Hatch-Waxman also requires branded drug manufacturers to list their patents in an official FDA publication called the “Approved Drug Products with Therapeutic Equivalence,” commonly known as the Orange Book. It identifies patents for small-molecule drugs as well as their approved generic counterparts and the therapeutic equivalence evaluations for the approved drug. This allows doctors, pharmacists, and patients to see if there is an approved generic form of a medicine they are using.

The Biologics Price Competition and Innovation Act was included in the Affordable Care Act and provides an abbreviated approval path for generic versions of large-molecule, biological products, which are produced from living organisms. These include drugs made from a virus or a blood component, such as Avastin, a biologic used by many cancer patients. Because biologic molecules are very complex, making identical products is not possible. The abbreviated pathway allows competitor products to either demonstrate “biosimilarity” or interchangeability with other FDA-approved biologics. The FDA publishes a list of licensed biological products and their approved biosimilar alternatives – the Purple Book.
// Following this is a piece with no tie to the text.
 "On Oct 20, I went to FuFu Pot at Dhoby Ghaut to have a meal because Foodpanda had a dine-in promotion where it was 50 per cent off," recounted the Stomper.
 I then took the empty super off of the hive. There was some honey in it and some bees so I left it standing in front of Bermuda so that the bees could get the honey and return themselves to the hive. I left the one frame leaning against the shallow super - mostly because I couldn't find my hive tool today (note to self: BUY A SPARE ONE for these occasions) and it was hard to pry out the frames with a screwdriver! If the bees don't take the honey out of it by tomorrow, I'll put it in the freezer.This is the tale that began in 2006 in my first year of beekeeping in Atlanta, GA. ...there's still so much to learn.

behavior limiting generic competition

While patent protections are essential to ensuring that inventors will create new treatments for disease, the high cost of prescription drugs has led to concerns that some branded drug companies are using the system to reduce competition. Some of the most common techniques include:

  • Product hopping – A drug creator makes alterations to the original branded or biologic product but with no new substantive therapeutic benefits for patients. By introducing this “new” drug shortly before a patent expires, the manufacturer can force a generic competitor to restart its efforts to have the FDA approve the generic version, allowing the brand version more time without competition.
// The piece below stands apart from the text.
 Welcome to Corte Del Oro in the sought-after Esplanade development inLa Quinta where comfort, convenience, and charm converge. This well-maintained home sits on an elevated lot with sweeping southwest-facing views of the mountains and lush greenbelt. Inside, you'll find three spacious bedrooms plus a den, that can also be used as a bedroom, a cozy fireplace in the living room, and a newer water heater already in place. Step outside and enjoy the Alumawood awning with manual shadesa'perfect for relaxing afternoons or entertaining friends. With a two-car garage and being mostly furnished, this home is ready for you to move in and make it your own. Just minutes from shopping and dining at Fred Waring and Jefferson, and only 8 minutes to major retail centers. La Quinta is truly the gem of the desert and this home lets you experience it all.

  • Patent thicketing – Manufacturers may get many patents to cover differences or processes associated with their product. This is intended to make it more difficult for other companies to create a generic form of the drug.

  • Pay-for-delay – The original drug manufacturer negotiates with generic companies to delay launching their alternative products. Typically this happens when a brand-name maker sues a generic company for infringing on its patent.

action in congress

Senate committees have held hearings highlighting the issue of high drug prices and some anti-competitive behavior. In June, the HELP and Judiciary committees advanced bills to combat patent abuse in the pharmaceutical supply chain.
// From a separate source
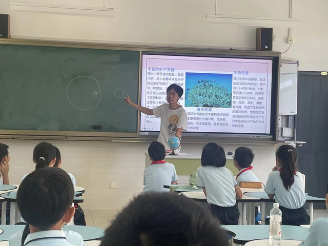 刘颜赫在上海临港建平小学进行海洋生物兴趣课程的授课
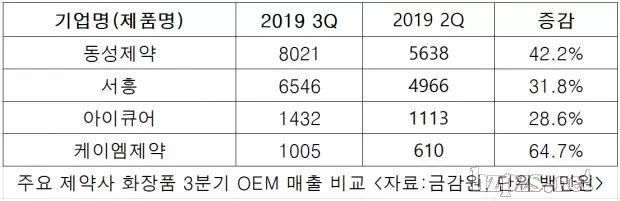 今年第三季度化妝品OEM(商品)銷售額為65億韓元,比第二季度(56億韓元)增長(zhǎng)了31.8%。

The Lower Health Care Cost Act, was reported out of the HELP Committee on July 8 and includes provisions from 74 senators. One part would allow generic and biosimilar drug makers to sue branded manufacturers to obtain samples required for development and FDA approval. The bill would also update the Orange and Purple books to increase transparency and access for generic manufacturers.

The Judiciary Committee has reported four drug pricing bills. One of these, the Affordable Prescriptions for Patients Act, addresses product hopping and patent-thicketing to make it easier for lower-cost generic alternatives to get to market and spur competition. The bill would allow the Federal Trade Commission to take action against companies that engage in product hopping and would cap the number of patents that can be litigated by a branded biologic manufacturer suing a biosimilar competitor.